— INFORMATION PROVIDED —

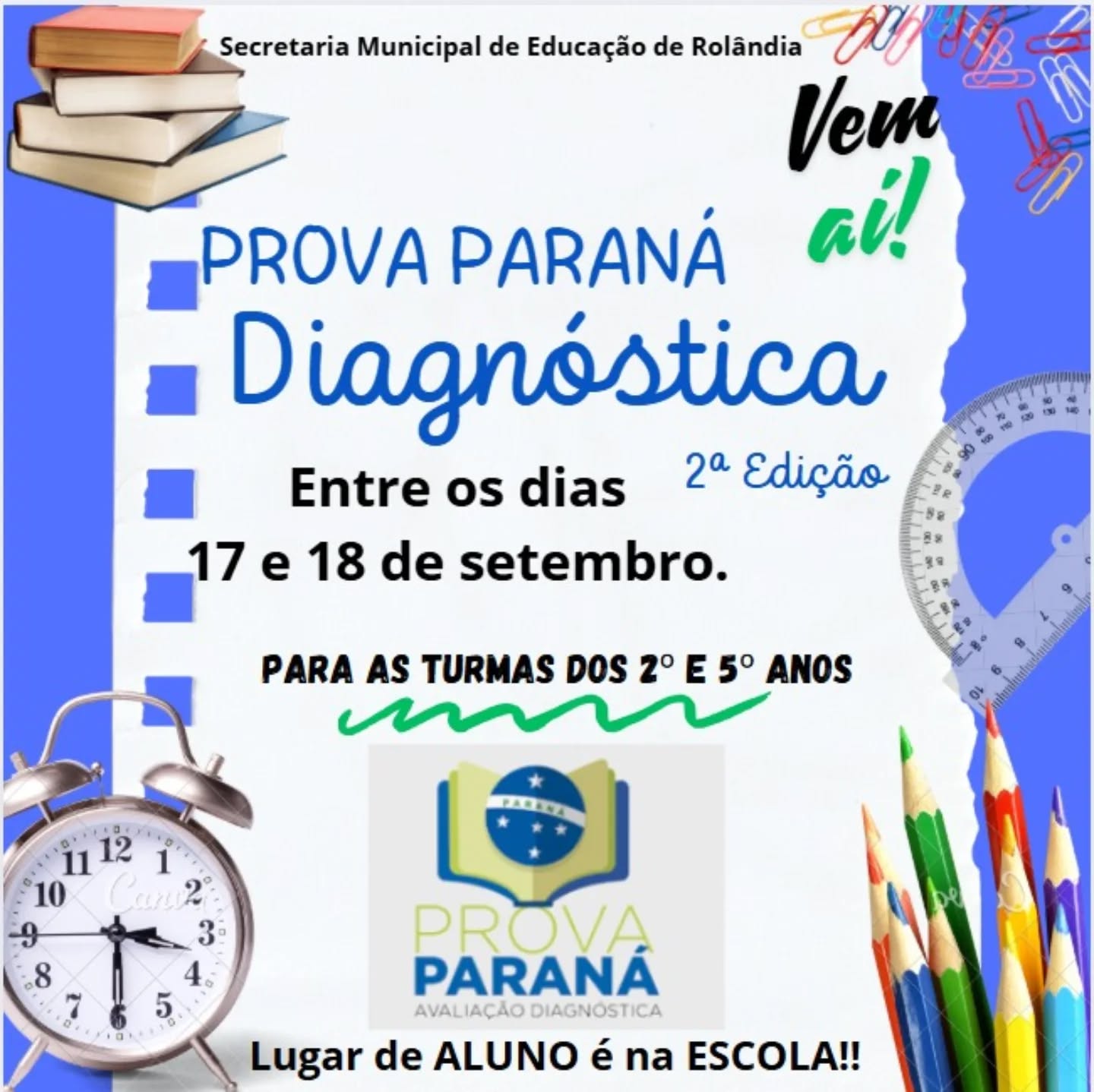 A 2° Edição da Prova Paraná Diagnóstica está chegando!   Nos dias 17 e 18 de setembro os alunos dos 2° e 5° anos, da Rede Municipal de Educação, serão avaliados.  ...
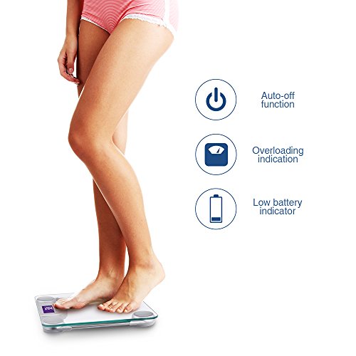 MULTIFUNCTIONAL: Supports auto-calibration and auto-off functions for the ultimate user experience; runs on 2 AAA batteries; multifunctional display shows low battery indicator as a reminder when replacement is needed; and, shows overloading indication, which helps to maintain the life of this scale
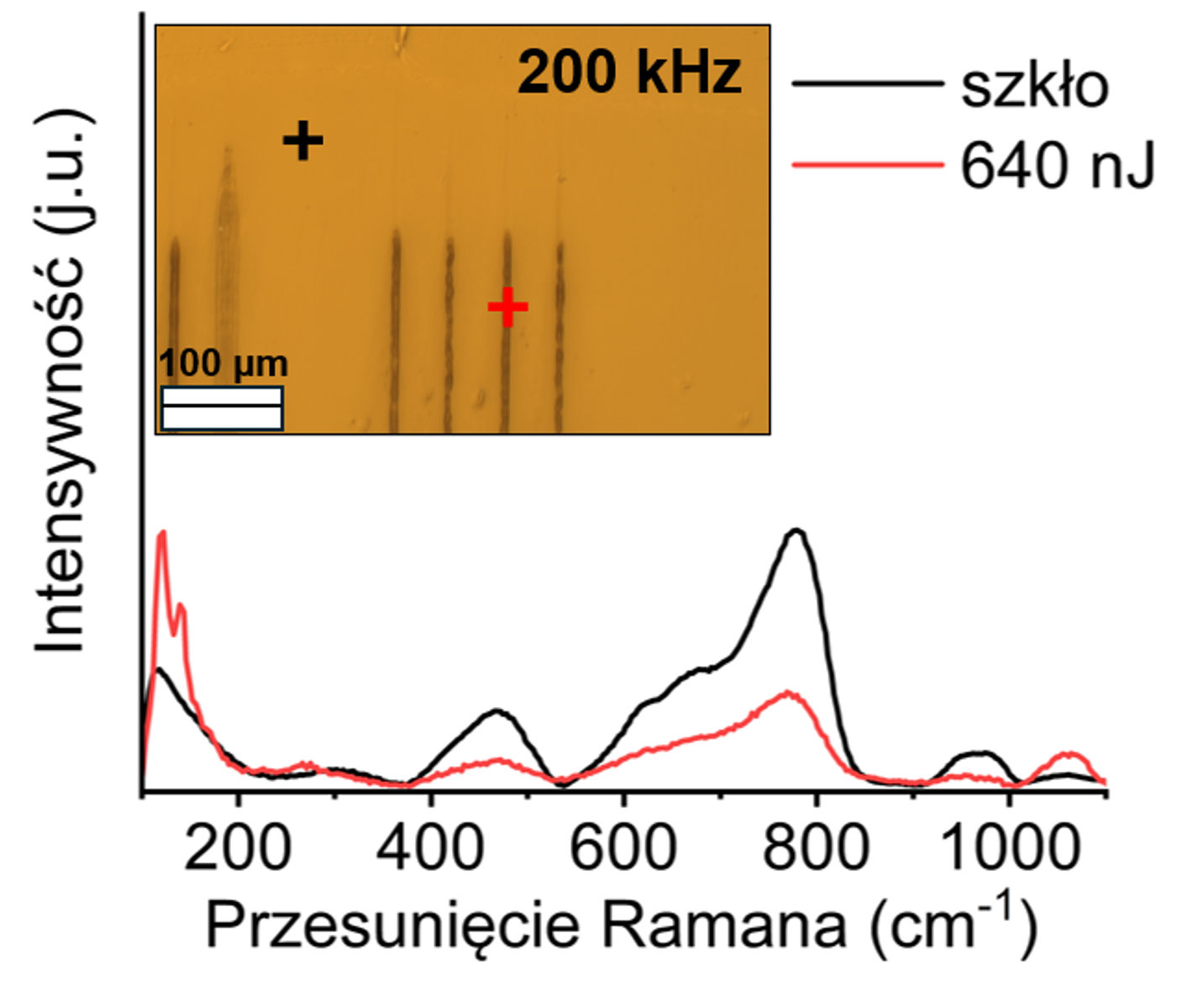 W niniejszej pracy przedstawiono wyniki badań strukturalnych (widma Ramana, SEM-EDS) oraz spektroskopowych (luminescencja) szkła tellurowo‒fosforanowego domieszkowanego jonami erbu po procesie DLW (laser: λ=1030 nm, 230 fs). Przy częstotliwości repetycji lasera fs równej 200 kHz i 330 kHz oraz energii impulsu w zakresie 400–800 nJ, uzyskano szklano-ceramiczne ścieżki zawierające cząstki metalicznego telluru (Te0) w układzie trygonalnym (Rys. 1). Na podstawie widm Ramana (Rys. 1) oraz analizy zdjęć SEM/EDS wykazano, że proces DLW prowadzi do zmiany ilości jednostek fosforanowych w strukturze szkła, tj. zmniejszenia liczby jednostek PO43- i wzrostu jednostek PO32-, które stabilizują metaliczny tellur. Obecność Te0 przyczyniła się do zwiększenia natężenia emisji jonów erbu dla długości fali ok. 525 nm w porównaniu do szkła niemodyfikowanego, co zostało zaprezentowane na widmach luminescencji
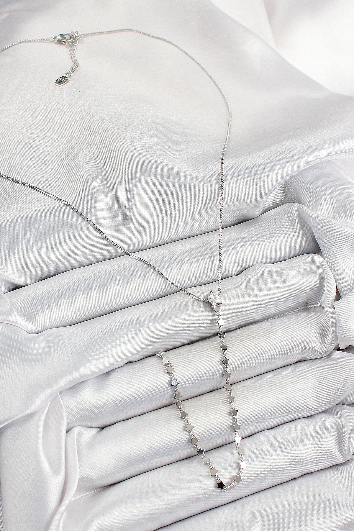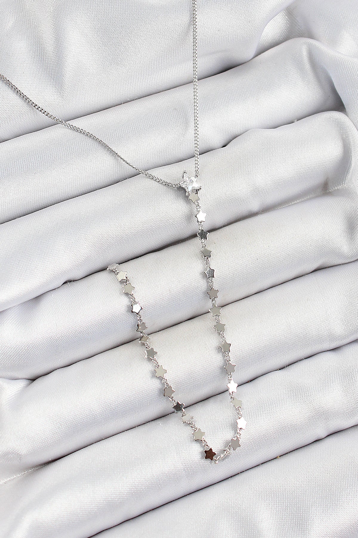 Pirinç Zirkon Taşlı Yıldız Figürlü Y Model Gümüş Renk Kadın Kolye - BKO10309
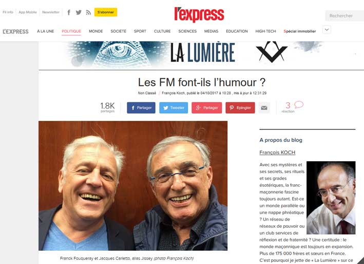 Le vendredi 13 octobre, se tiendra le 1er Festival d’Humour Maçonnique de Paris (à Vitry-sur-Seine). L’initiative existe déjà en province et Fouqueray s’est décidé à l’importer à Paris. Le succès sera-t-il au rendez-vous? Voir la vidéo
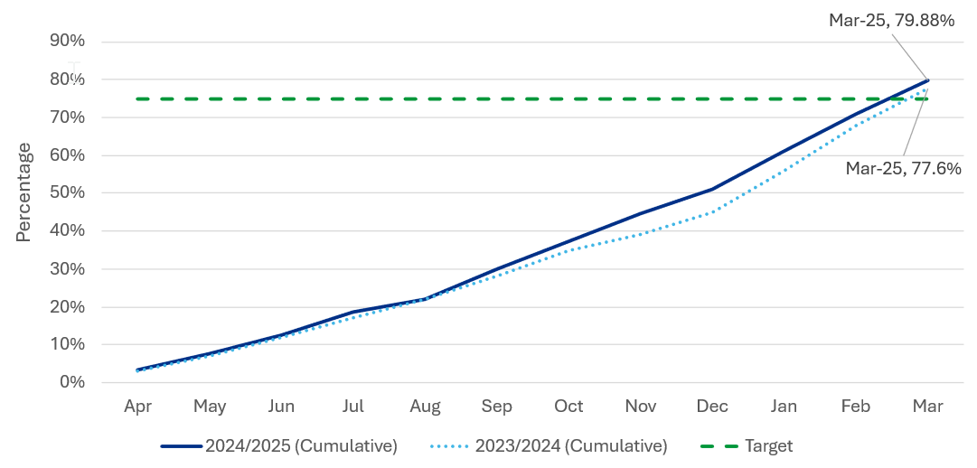 Improvement of A&E waiting times, compared to 2023/24, with a minimum of 78% of patients seen within 4 hours in March 2025 |
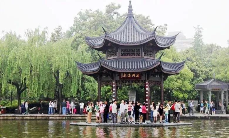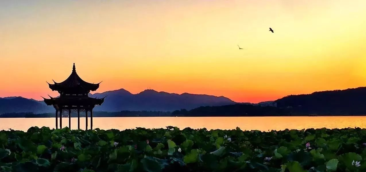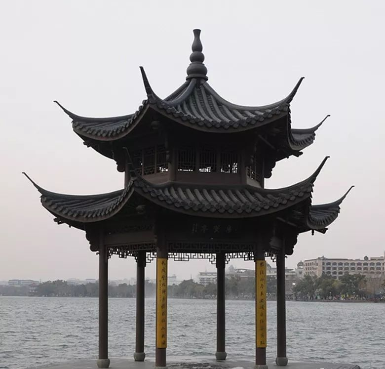 在湖滨一公园的转弯处,有一片空旷的水域,蛰伏着田田的荷叶,伸出短堤挑出一亭,双重檐、攒尖顶、六根木柱支撑,建造得异常轻捷、通透,有如点睛一笔,把远山近水的气场都聚拢一起,古称聚贤亭、较射亭,今曰集贤亭,是西湖上的标志型建筑之一,也是摄影爱好者最热打卡点之一。
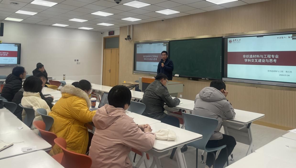 韩万里老师作“非织造材料与工程专业学科交叉建设与思考”分享,围绕非织造材料与工程专业学科交叉特色,从课程资源建设、师资队伍建设两个角度详细介绍建设经验,并展示了该专业目前建设成效以及后续建设计划。
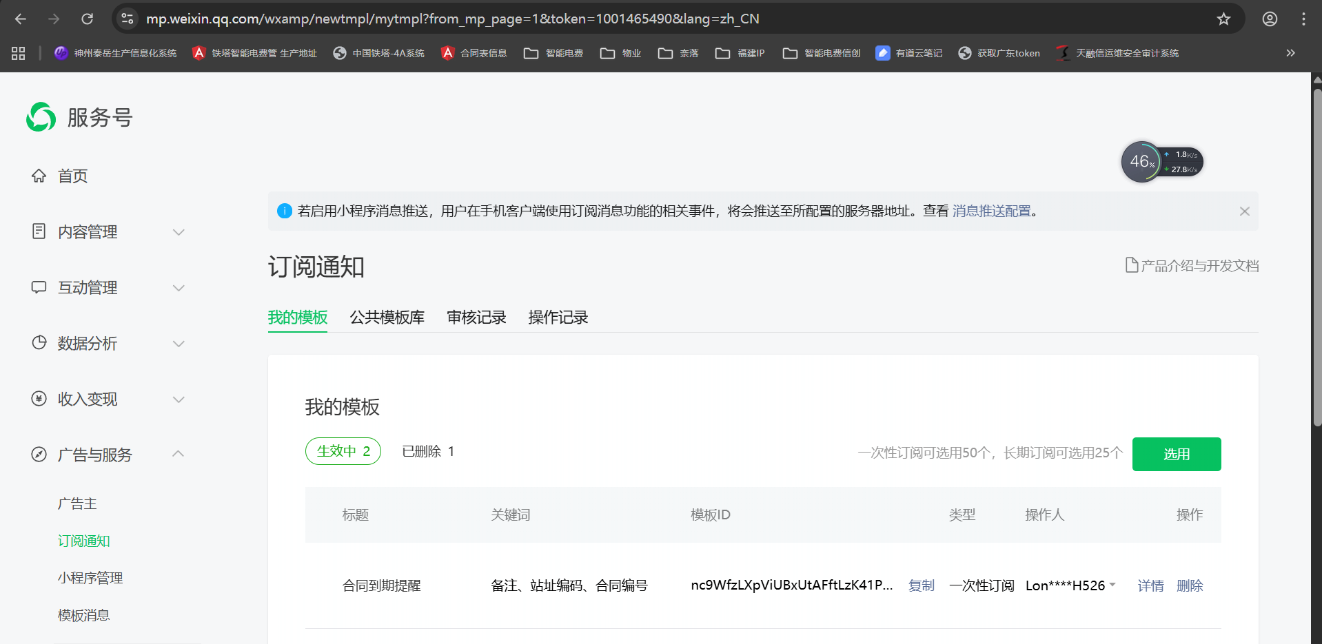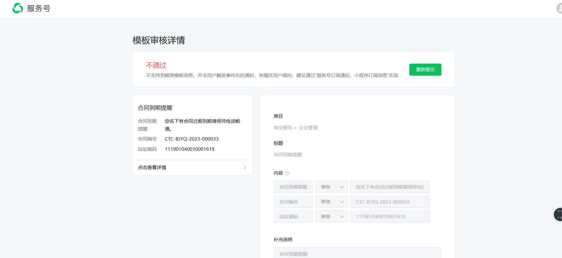 老师您好 我申请模版消息这个合同续签提醒也不通过服务号也不让调用订阅消息模版,,这个要怎么处理呢
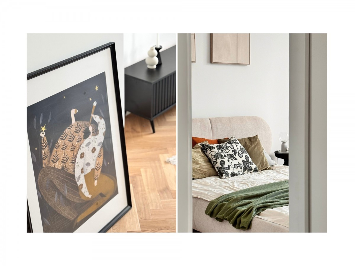 Już od wejścia uwagę zwraca elegancka zabudowa i jasna, spójna aranżacja. Salon z balkonem to przestrzeń do odpoczynku i spotkań, sypialnia z garderobą gwarantuje prywatność i porządek, a łazienka w stylu modern retro zachwyca detalami. Całość została wykonana w wysokim standardzie - m.in. z użyciem armatury Omnires.

— ASSIGNMENT —
Reproduce each record above by retyping it exactly; omit all images.

— EXERCISE OUTPUT —
 A 2° Edição da Prova Paraná Diagnóstica está chegando!   Nos dias 17 e 18 de setembro os alunos dos 2° e 5° anos, da Rede Municipal de Educação, serão avaliados.  ...
 MULTIFUNCTIONAL: Supports auto-calibration and auto-off functions for the ultimate user experience; runs on 2 AAA batteries; multifunctional display shows low battery indicator as a reminder when replacement is needed; and, shows overloading indication, which helps to maintain the life of this scale
 W niniejszej pracy przedstawiono wyniki badań strukturalnych (widma Ramana, SEM-EDS) oraz spektroskopowych (luminescencja) szkła tellurowo‒fosforanowego domieszkowanego jonami erbu po procesie DLW (laser: λ=1030 nm, 230 fs). Przy częstotliwości repetycji lasera fs równej 200 kHz i 330 kHz oraz energii impulsu w zakresie 400–800 nJ, uzyskano szklano-ceramiczne ścieżki zawierające cząstki metalicznego telluru (Te0) w układzie trygonalnym (Rys. 1). Na podstawie widm Ramana (Rys. 1) oraz analizy zdjęć SEM/EDS wykazano, że proces DLW prowadzi do zmiany ilości jednostek fosforanowych w strukturze szkła, tj. zmniejszenia liczby jednostek PO43- i wzrostu jednostek PO32-, które stabilizują metaliczny tellur. Obecność Te0 przyczyniła się do zwiększenia natężenia emisji jonów erbu dla długości fali ok. 525 nm w porównaniu do szkła niemodyfikowanego, co zostało zaprezentowane na widmach luminescencji
 Pirinç Zirkon Taşlı Yıldız Figürlü Y Model Gümüş Renk Kadın Kolye - BKO10309
 Le vendredi 13 octobre, se tiendra le 1er Festival d’Humour Maçonnique de Paris (à Vitry-sur-Seine). L’initiative existe déjà en province et Fouqueray s’est décidé à l’importer à Paris. Le succès sera-t-il au rendez-vous? Voir la vidéo
 Improvement of A&E waiting times, compared to 2023/24, with a minimum of 78% of patients seen within 4 hours in March 2025 |
 在湖滨一公园的转弯处,有一片空旷的水域,蛰伏着田田的荷叶,伸出短堤挑出一亭,双重檐、攒尖顶、六根木柱支撑,建造得异常轻捷、通透,有如点睛一笔,把远山近水的气场都聚拢一起,古称聚贤亭、较射亭,今曰集贤亭,是西湖上的标志型建筑之一,也是摄影爱好者最热打卡点之一。
 韩万里老师作“非织造材料与工程专业学科交叉建设与思考”分享,围绕非织造材料与工程专业学科交叉特色,从课程资源建设、师资队伍建设两个角度详细介绍建设经验,并展示了该专业目前建设成效以及后续建设计划。
 老师您好 我申请模版消息这个合同续签提醒也不通过服务号也不让调用订阅消息模版,,这个要怎么处理呢
 Już od wejścia uwagę zwraca elegancka zabudowa i jasna, spójna aranżacja. Salon z balkonem to przestrzeń do odpoczynku i spotkań, sypialnia z garderobą gwarantuje prywatność i porządek, a łazienka w stylu modern retro zachwyca detalami. Całość została wykonana w wysokim standardzie - m.in. z użyciem armatury Omnires.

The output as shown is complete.